Introduction: Iron deficiency anaemia remains a significant public health challenge. Localized food based approaches may offer a large opportunity to improve lives and address the widespread micronutrient deficiencies such as iron in affected households. Viable solutions where iron rich foods are not readily available may come through diversification approaches using foods such as amaranth grain reported to contain high iron content and good quality protein in conjunction with the use of in-home fortification. Objectives: To determine the efficacy of maize porridge enriched with amaranth flour on improving diet quality, iron intake and status in children 12-59 months in a semiarid area in Kenya. Study population: The study population will comprise children aged 12-59 months in Migwani, within the larger Mwingi district, Kenya. Mothers or principal caretakers will be interviewed on behalf of the children. In total, 270 children will be enrolled in the study. Study design: The study has a randomized controlled trial design conducted over a period of 4 months/16 weeks. Treatment/hypothesis: All participating children will be required to take the provided porridge equivalent to 80g of flour 5 days a week for 16 weeks. There will be 3 treatments groups as follows; (1) maize porridge enriched with amaranth grain flour at 70:30 maize/amaranth ratio, (2) maize porridge fortified with a multiple micronutrient powder (MixMe™) and (3) plain maize porridge group. Hypothesis: there will be a significant difference in hemoglobin and iron status between the three groups. Methods: Blood samples (5ml) will be collected by veni-puncture at baseline and after intervention. Hb concentration, Zinc protoporphyrin (ZnPP) and malaria infection will be assessed in the field. Analyses of serum ferritin, serum transferrin receptor and C-reactive protein (CRP) will be done at the participating laboratories. Main study parameter/Endpoints: Change in Hb concentration is the primary outcome of this study. Body iron measured by serum ferritin (SF) and serum transferrin receptor (STfR) are the secondary outcome. Iron deficiency will be defined as SF concentration <12 µg/L and tissue iron deficiency will be defined as serum transferrin receptor concentration of >8.3mg/L. Infection will be assessed by raised CRP (>10mg/L) as an indicator of acute inflammation and presence of malaria.

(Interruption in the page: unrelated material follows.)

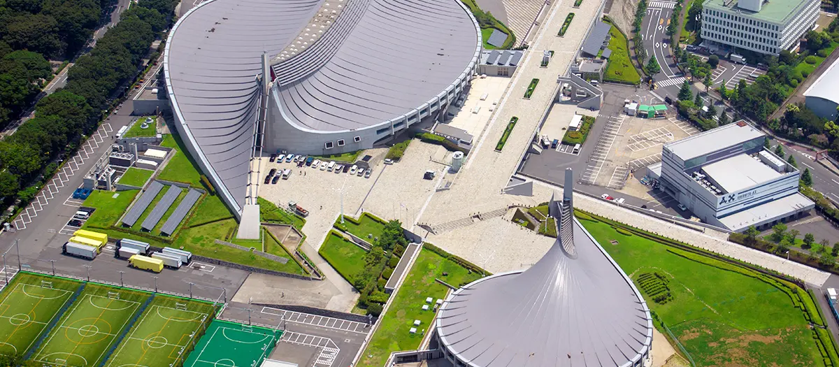 Con il “1° Gymnasium” costruito utilizzando una struttura a tetto sospeso ad alta tensione e il “2° ginnasio” a forma di mortaio, coperto da un bel soffitto conico, questo stadio ha ricevuto il plauso internazionale.
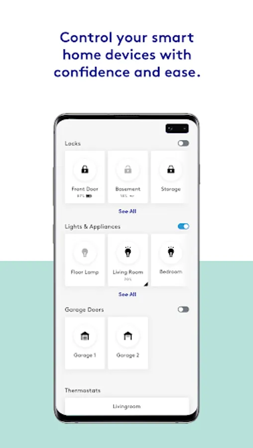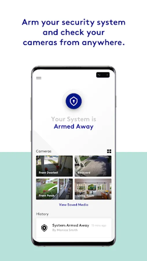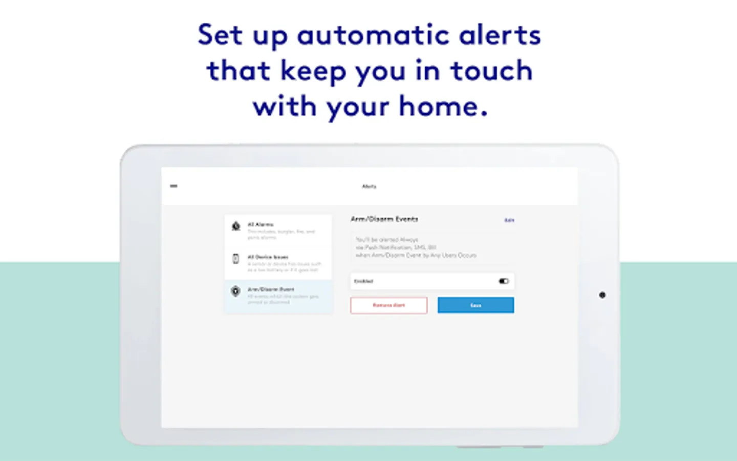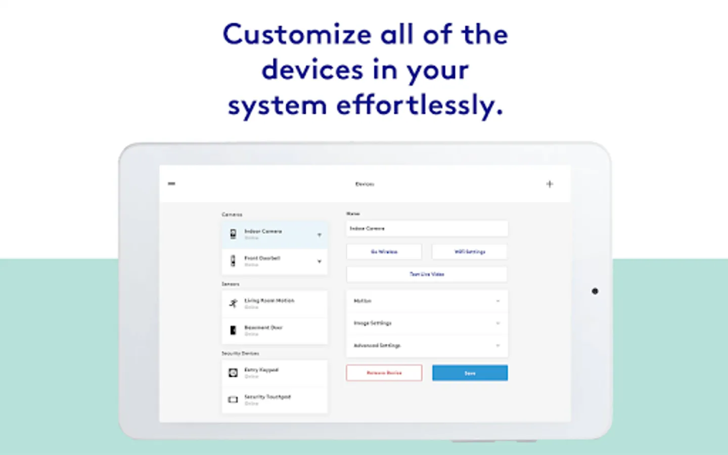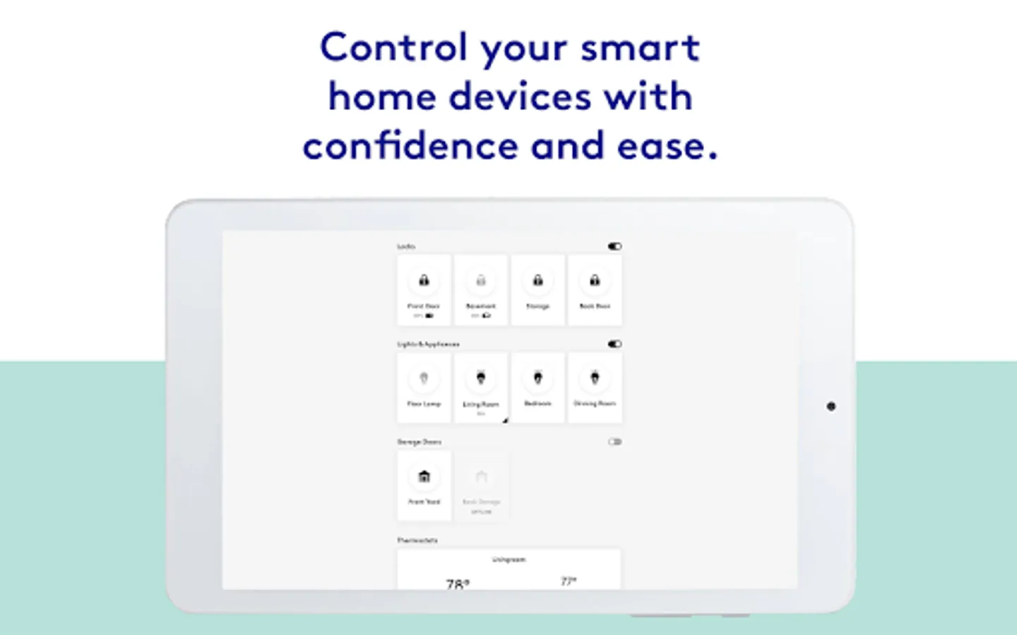 - Turn on and off the lights, lock/unlock the door, adjust the thermostat, and open/close your garage door with your security system

NCT ID: NCT01221844 Completed - Pregnancy Clinical Trials

Bovine Lactoferrin to Prevent and Cure Iron Deficiency and Iron Deficiency Anemia in Complicated Pregnancies

Start date: February 2010
Phase: Phase 4
Study type: Interventional

The purpose of this study is to determine whether bovine lactoferrin is effective in preventing and curing iron deficiency and iron deficiency anemia in Hereditary Thrombophilia affected women during pregnancy. The proposed clinical trial is considered as PHASE IV because in Italy bLf is commercialized by Grunenthal, as Lattoglobina® (capsules with 100 mg of bLf), to prevent and cure iron deficiency and iron deficiency anemia in pregnant women.